Nvidia CEO Jensen Huang says demand for the company’s next generation AI chips could reach $1 trillion in orders by 2027 as the industry rapidly expands its computing needs.
Key Takeaways
- Nvidia expects up to $1 trillion in orders for its Blackwell and Vera Rubin AI chips by 2027.
- The projection doubles the company’s earlier $500 billion opportunity estimate announced last year.
- Rising AI inference demand and global cloud adoption are fueling massive compute requirements.
- Nvidia also unveiled new hardware and software tools at the GTC developer conference aimed at accelerating AI infrastructure.
What Happened?
During the company’s annual GTC developer conference in San Jose, Nvidia CEO Jensen Huang said the company could see $1 trillion in purchase orders for its Blackwell and Vera Rubin systems by 2027. The forecast reflects surging demand for AI computing as companies shift toward more advanced applications and autonomous AI agents.
The announcement expands Nvidia’s earlier projection of $500 billion in revenue opportunity, signaling stronger confidence in long term AI infrastructure spending.
AI Compute Demand Reaches a New Phase
According to Huang, the AI industry has reached a major turning point as the focus shifts from training models to running AI systems at scale, a process known as inference. This change is dramatically increasing the amount of computing power required across the industry.
Huang said the scale of computing demand has grown at an extraordinary pace.
- Compute requirements have increased up to one million times in just two years.
- AI labs are requesting far larger infrastructure deployments.
- Older GPUs are even seeing higher spot pricing due to limited supply.

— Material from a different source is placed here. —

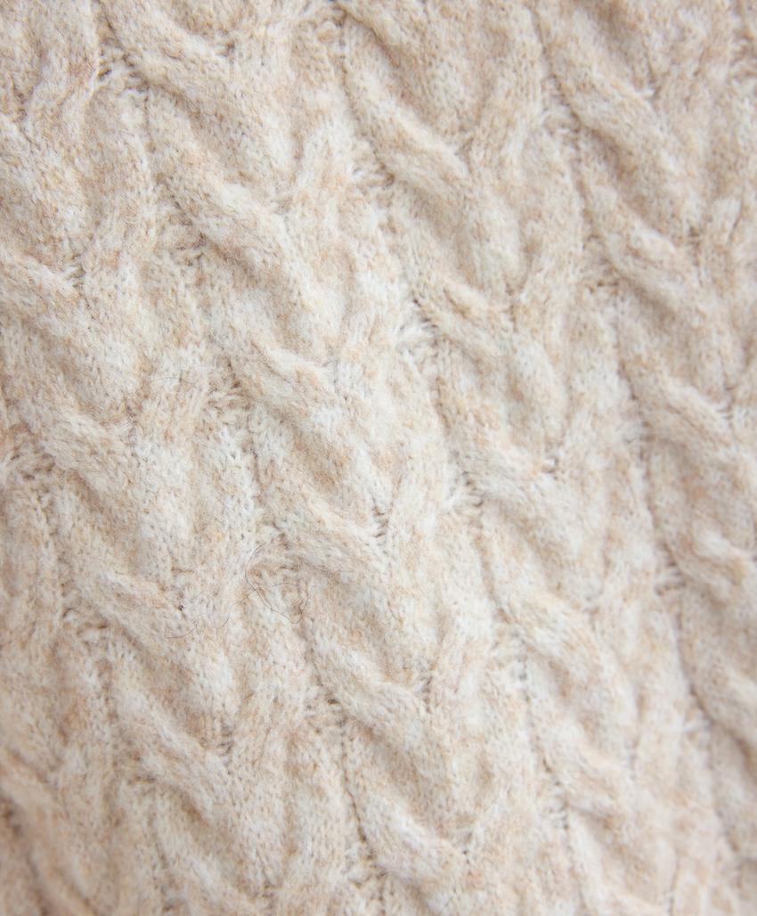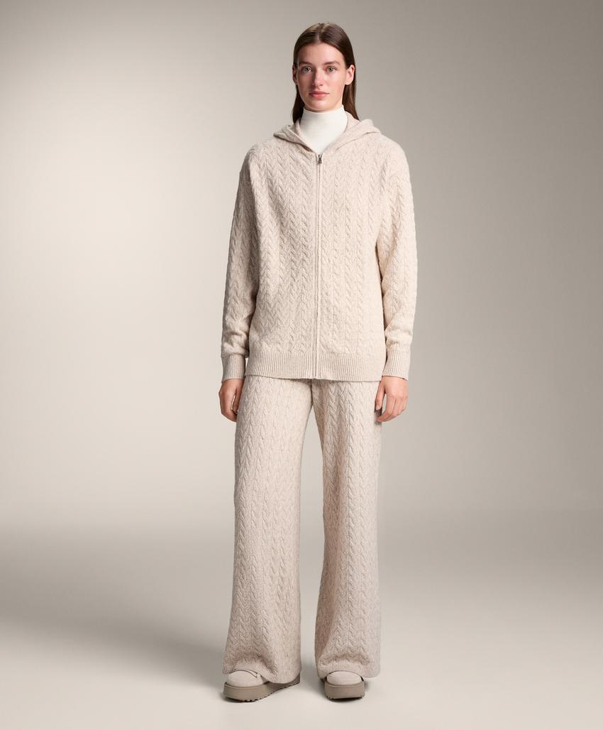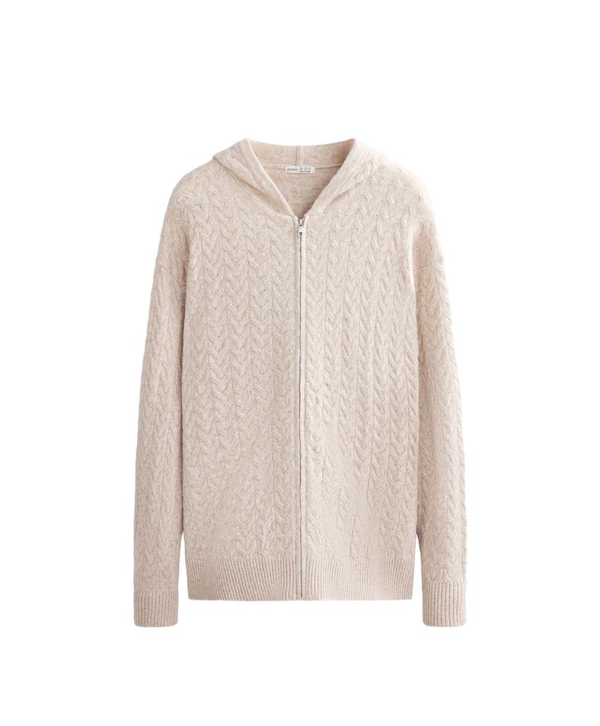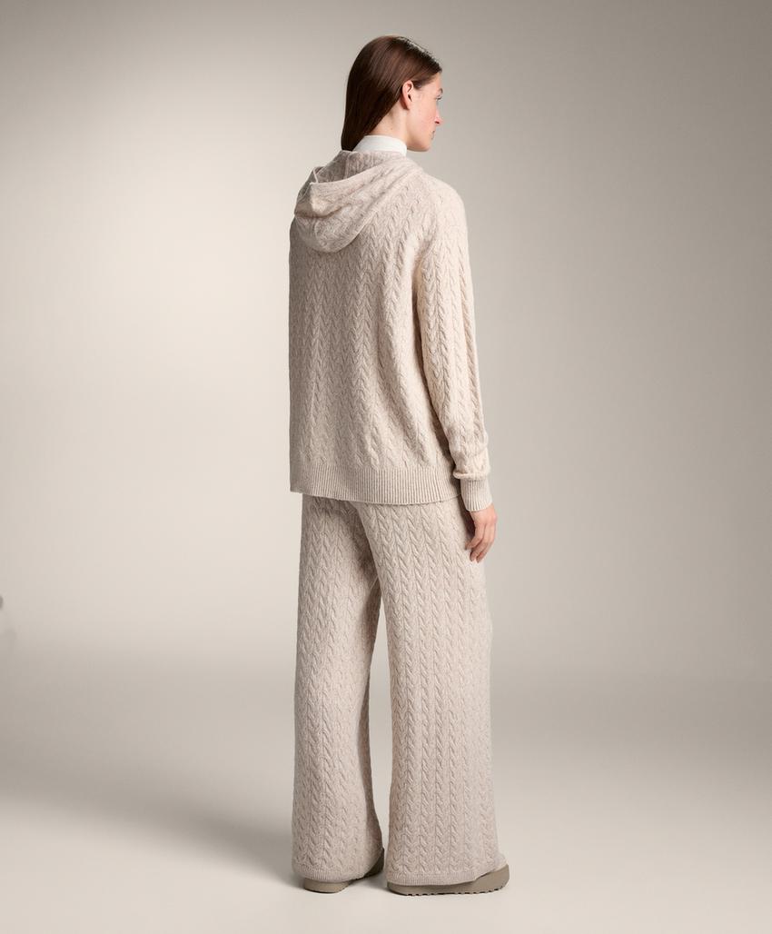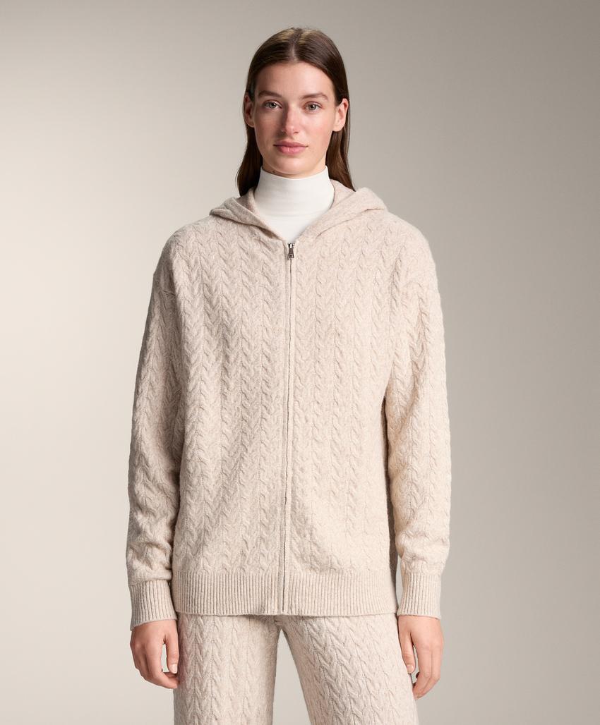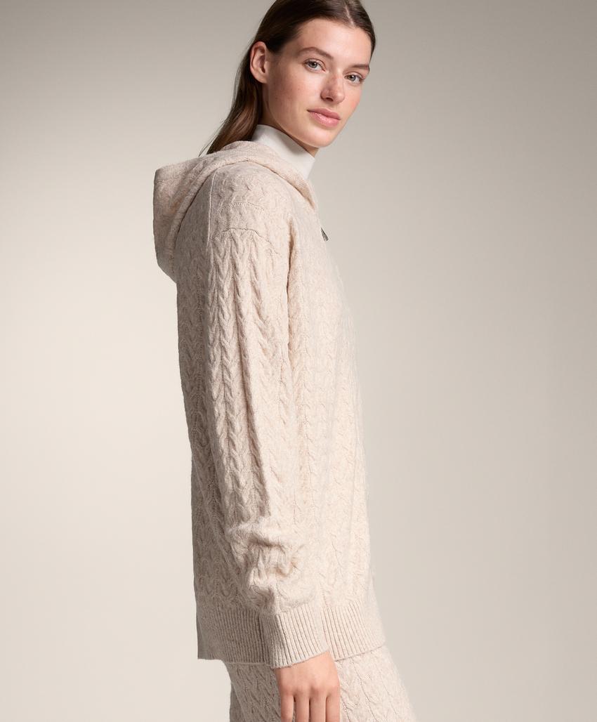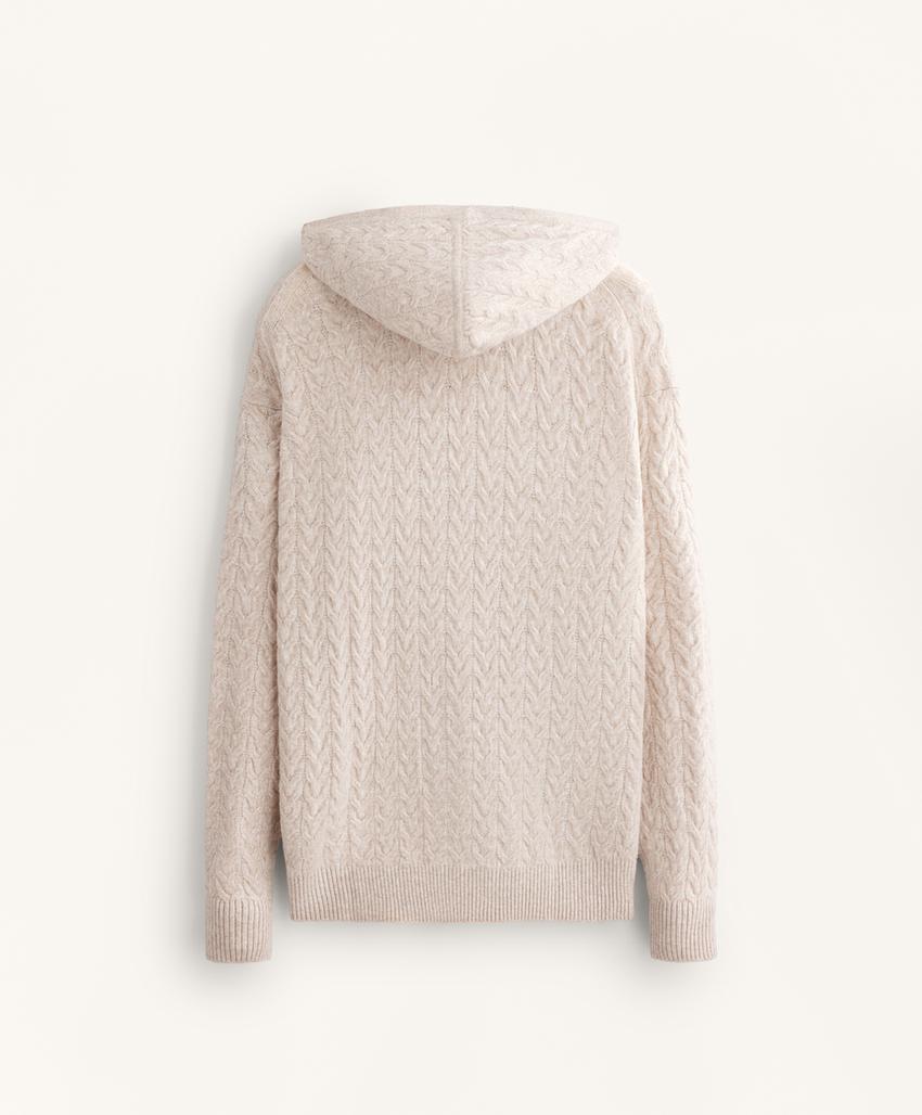 Long hooded cable knit jacket PALE MINK | 4419/773/771

This surge in demand reflects the growing number of AI systems generating tokens and running complex tasks in real time. As businesses move beyond simple chatbots toward autonomous AI agents that can perform actions independently, computing needs continue to climb.
Huang told the audience at the conference that companies could generate significantly more revenue if they had access to more computing capacity. Huang said:
Blackwell and Vera Rubin Systems Drive Growth
Much of Nvidia’s expected growth is tied to its next generation AI platforms, particularly the Blackwell and Vera Rubin systems.
The upcoming Vera Rubin architecture, scheduled to launch later this year, is designed to deliver ten times more performance per watt compared with its predecessor Grace Blackwell. Energy efficiency has become a critical issue as large AI data centers consume enormous amounts of electricity.
The Vera Rubin system itself contains around 1.3 million individual components, highlighting the scale and complexity of modern AI infrastructure.
Looking further ahead, Nvidia also revealed an early prototype of Kyber, its next rack scale architecture expected to arrive after Rubin. The system will integrate 144 GPUs in vertical compute trays, a design intended to improve density and reduce latency in large scale AI deployments.
Nvidia Expands AI Infrastructure Ecosystem
Beyond hardware, Nvidia used the conference to introduce new tools and partnerships designed to accelerate AI adoption across industries.
One of the major announcements was the Groq 3 Language Processing Unit, a new chip based on technology from startup Groq, which Nvidia largely acquired through a $20 billion asset purchase in December.
The Groq 3 LPX rack will contain 256 LPUs and will operate alongside the Vera Rubin systems. Huang said the combination could increase tokens per watt performance by up to 35 times.
The company also introduced NemoClaw, a developer toolkit designed to support the rapidly growing OpenClaw ecosystem. OpenClaw gained attention earlier this year for enabling AI agents capable of autonomously completing tasks without constant human guidance.
In addition, Nvidia announced expansion of its autonomous driving platform. Ride hailing company Uber plans to deploy vehicles powered by Nvidia Drive AV software across 28 cities on four continents by 2028, starting with Los Angeles and San Francisco next year.
Several automakers including Nissan, BYD, Geely, Isuzu, and Hyundai are also developing level 4 autonomous vehicles using Nvidia’s Drive Hyperion system.
CoinLaw’s Takeaway
From my perspective, this projection shows just how massive the AI infrastructure race has become. In my experience covering technology companies, it is rare to see a single hardware platform drive an entire industry the way Nvidia’s GPUs are doing today.
What stood out to me is that the demand is no longer limited to big tech firms. Governments, startups, cloud providers, and AI labs are all building massive infrastructure at the same time. If the current pace continues, the $1 trillion figure may not be as surprising as it first sounds.